* **SUPPLIED ENTRIES**
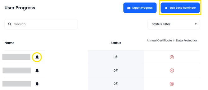 - To send an individual reminder click the ‘Bell’ icon which is shown to the right of each of your users names, once this has been clicked, an email reminder will be sent to that individual to complete the assigned content.
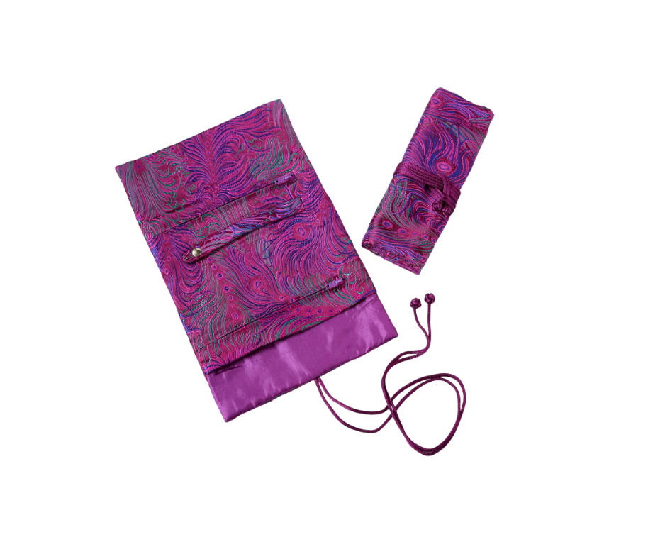 Peacock Feather Brocade Jewelry Roll - Multiple Colors
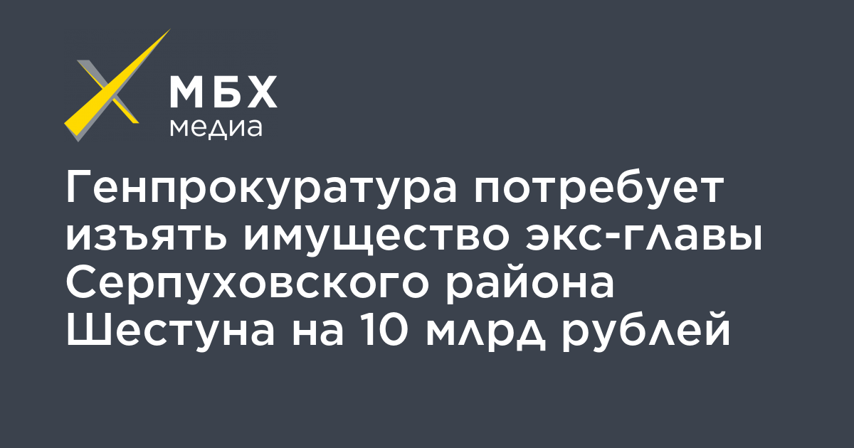 Генеральная прокуратура намерена изъять в пользу государства имущество почти на 10 млрд рублей, которое принадлежит экс-главе Серпуховского района Подмосковья Александру Шестуну, сообщил официальный представитель надзорного ведомства Александр Куренной, передает «Интерфакс».
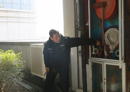 圖為安保部負責人在檢查滅火器
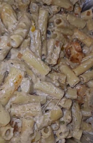 Pasta with shrimp, peppers, onions in jerk Alfredo sauce.
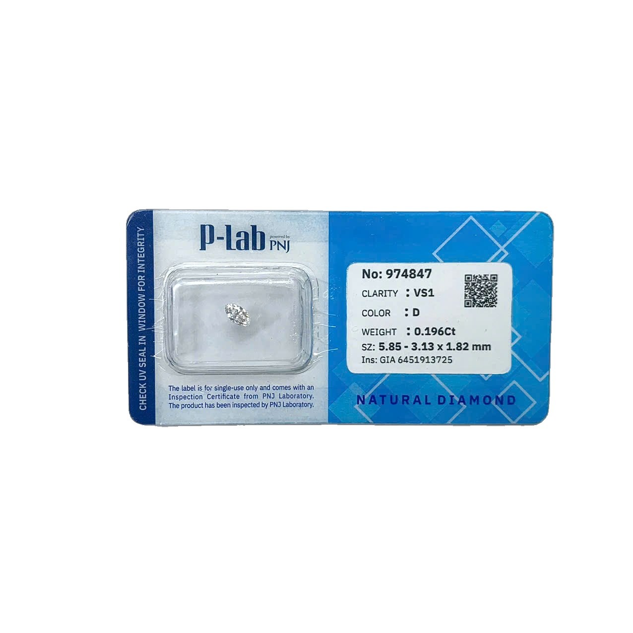 | Trọng lượng: | 0.196Ct |
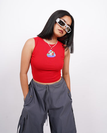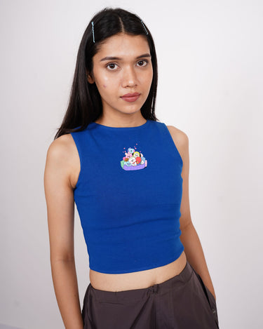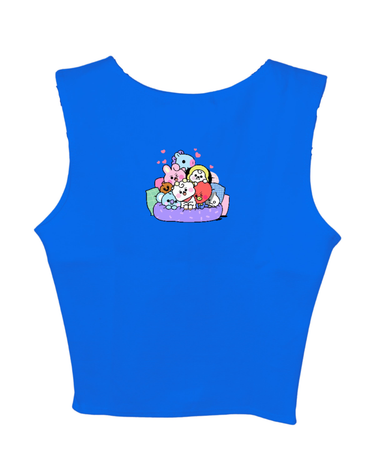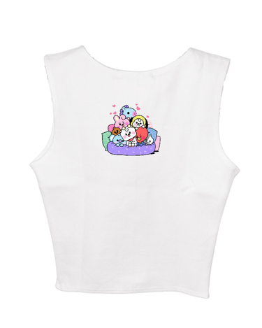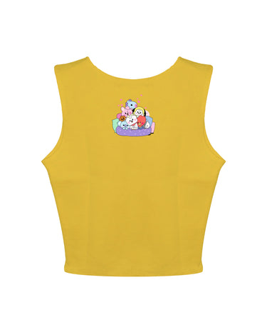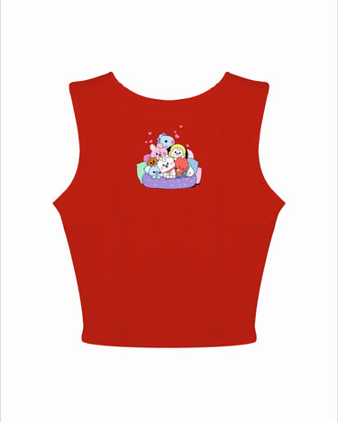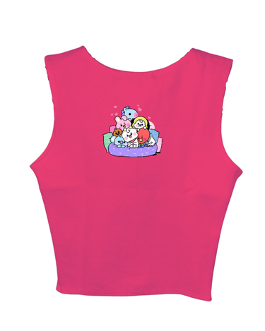 The BT21 Friends: Burger Bae Sleeveless Rachel Tank for Women brings a playful pop of color to your wardrobe. Featuring a fun, multi-character BT21 graphic on a vibrant ribbed fabric, this cropped tank seamlessly blends cute and cool. Its snug, sleeveless design flatters your silhouette while keeping you comfortable for everyday wear.
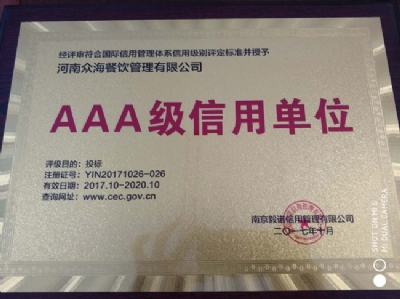• 18-02-10熱烈祝賀河南眾海餐飲管理有限公司榮獲河南餐飲與飯店協會團餐委
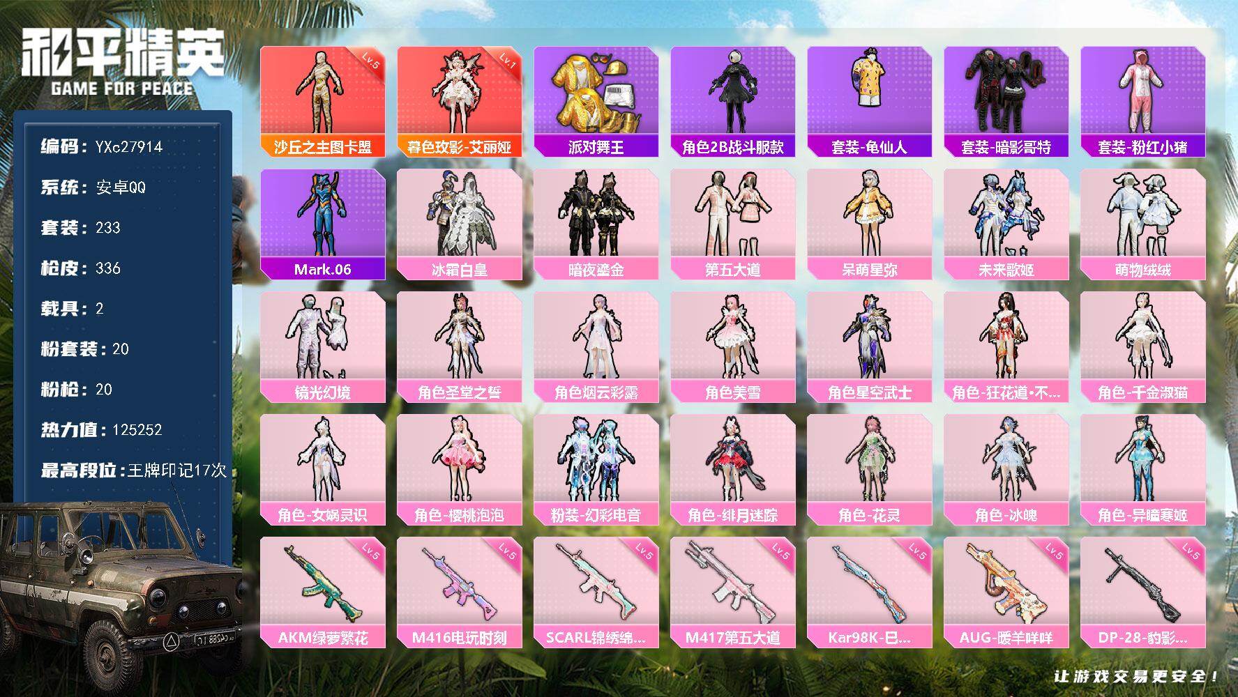 安卓Q-2红装3稀有2载具20粉装18特效枪11热门233套装336枪皮 17印记 历史绝世王牌22星
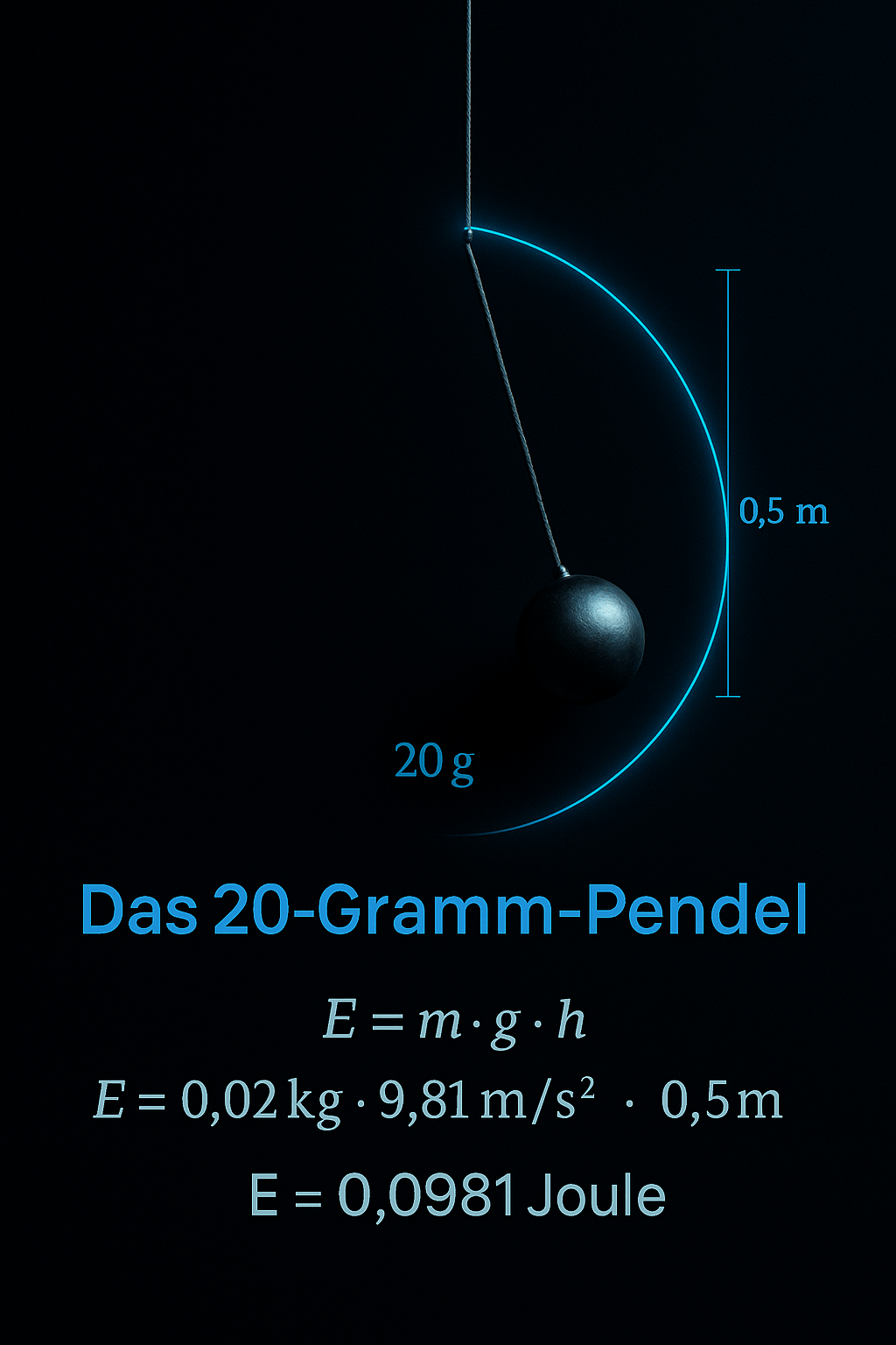 Eine 20g-Kugel, die über einen 3/4-Kreis schwingt, aus 0,5 m Höhe. Die potenzielle Energie berechnet sich nach der Formel:
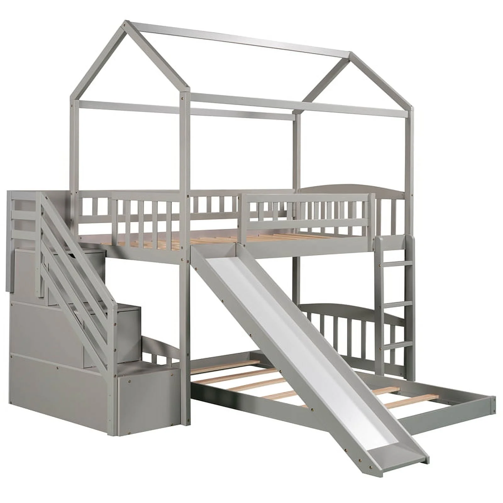CRO Decor Twin Over Twin Bunk Bed with Two Drawers and Slide (White)
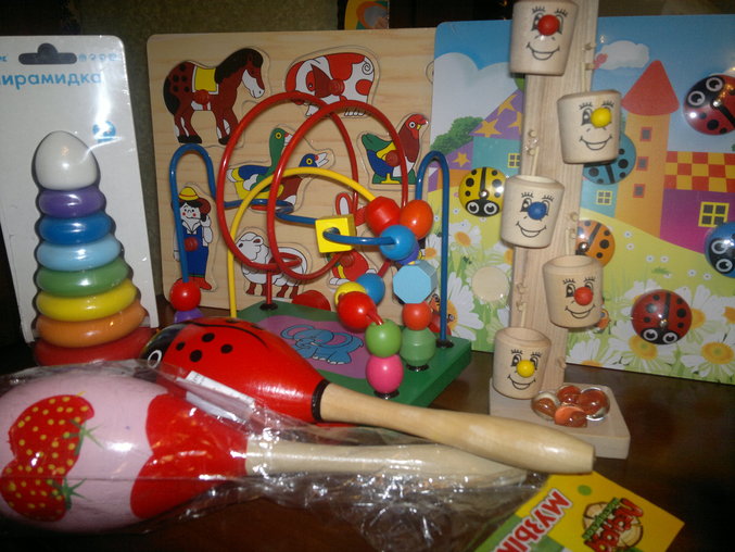 И мы с игрушками от Алины! Все понравилось. Это деревянные развивашки всякие для малыша нашего. Бочонки прикольные-сама играюсь. Единственное маракасы очень большие-тяжелые в руке у малыша не держится, надо было средние заказать. Теперь доча старшая с ними танцует хотя заказывались не ей!

* **PROBLEM DESCRIPTION**
For this exercise, reproduce exactly the lines of the records above from the one with "Генеральная прокуратура намерена" up to and including the one with "安卓Q-2红装3稀有2载具20粉装18特效枪11热门233套装336枪皮 17印记 历史绝世王牌22星", without pictures.

* **EXERCISE RESPONSE**
 Генеральная прокуратура намерена изъять в пользу государства имущество почти на 10 млрд рублей, которое принадлежит экс-главе Серпуховского района Подмосковья Александру Шестуну, сообщил официальный представитель надзорного ведомства Александр Куренной, передает «Интерфакс».
 圖為安保部負責人在檢查滅火器
 Pasta with shrimp, peppers, onions in jerk Alfredo sauce.
 | Trọng lượng: | 0.196Ct |
 The BT21 Friends: Burger Bae Sleeveless Rachel Tank for Women brings a playful pop of color to your wardrobe. Featuring a fun, multi-character BT21 graphic on a vibrant ribbed fabric, this cropped tank seamlessly blends cute and cool. Its snug, sleeveless design flatters your silhouette while keeping you comfortable for everyday wear.
• 18-02-10熱烈祝賀河南眾海餐飲管理有限公司榮獲河南餐飲與飯店協會團餐委
 安卓Q-2红装3稀有2载具20粉装18特效枪11热门233套装336枪皮 17印记 历史绝世王牌22星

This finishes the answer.